The picture resembles the result of a bizarre experiment – what might happen, say, if a cast of Mike Leigh characters were let loose in a Tarantino movie with a disquieting Blue Jam-style soundtrack. The result is even more distinctive than that. It follows Smiggy (Tucker) and Philip (James Holmes), two loser-loners who bungle a mission to avenge the savage beating of Philip’s brother.
In mid-carnival Notting Hill, the pair come nose-to-nose and weapon-to-weapon with snarling Yardie drug-dealers, white-boy Jamaican wannabes and, most terrifying of all, Julie (Nicola Stapleton), a young mum who would sell her own son for a line of coke.
The production design (by Philip Robinson) and cinematography (by Roger Eaton and Ian Liggett) is already trippy long before the characters start on the Class As. The council flat where much of the action takes place has garish walls of purple, orange and lime that make it seems like a kindergarten for this gallery of sociopaths. Some short-sighted critics were quick to see the film as yet another latecomer to the Guy Ritchie Brit-crime bandwagon, citing the proliferation of drugs and guns and tough-nuts.
But the magic of Tucker’s screenplay is that it undermines every apparent act of bravado. The Yardies may be intimidating but they are also buffoons; the psychopath whose actions put Philip’s brother in a wheelchair can barely open his mouth without making an admission of his own vulnerability. There aren’t any heroes here; the laddishness of Ritchie’s films, as well as the hipness of Tarantino’s, is entirely absent.

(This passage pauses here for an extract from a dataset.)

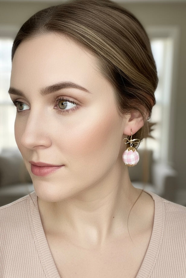 Lightweight and charming, these gingham print drop earrings bring a sweet vintage touch to any look. Finished with delicate gold bows for a playful, feminine flair.
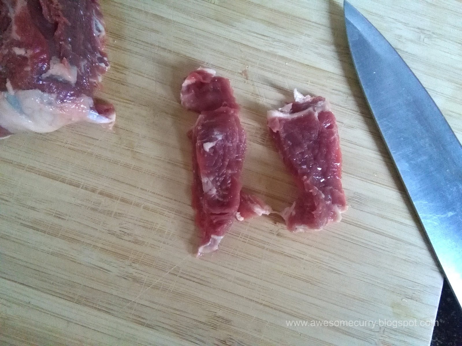 2. Мясо нарежьте тонкими кусочками поперек волокон.

No one would mistake Smiggy, with his desperate military lingo and ineptitude with weapons, for anything but a hopped-up Andy McNab fan. Stalking Julie’s flat, he warns whoever happens to be listening to “stay in the neutral zone” in case of “negligent discharge in the field”. (I was reminded of I’m Alan Partridge, which was made two years later, in which Alan tells his assistant Lynn to “remove yourself from the theatre of conflict – go and stand by the Yakults”.)
The film’s most striking scene comes when Smiggy snorts cocaine for the first time. “It tastes like the smell of dead ants,” he announces, then farts triumphantly. “Every kind of experience for Smiggy is in a way gastronomic,” the Leicester-born Tucker told me at the time of the picture’s release. “It’s that provincial thing of big breakfasts, big dinners, everything food-oriented, shovelling it down. He’s based on a few guys I’ve met. It’s that working-class Leicester background, petty and banal.”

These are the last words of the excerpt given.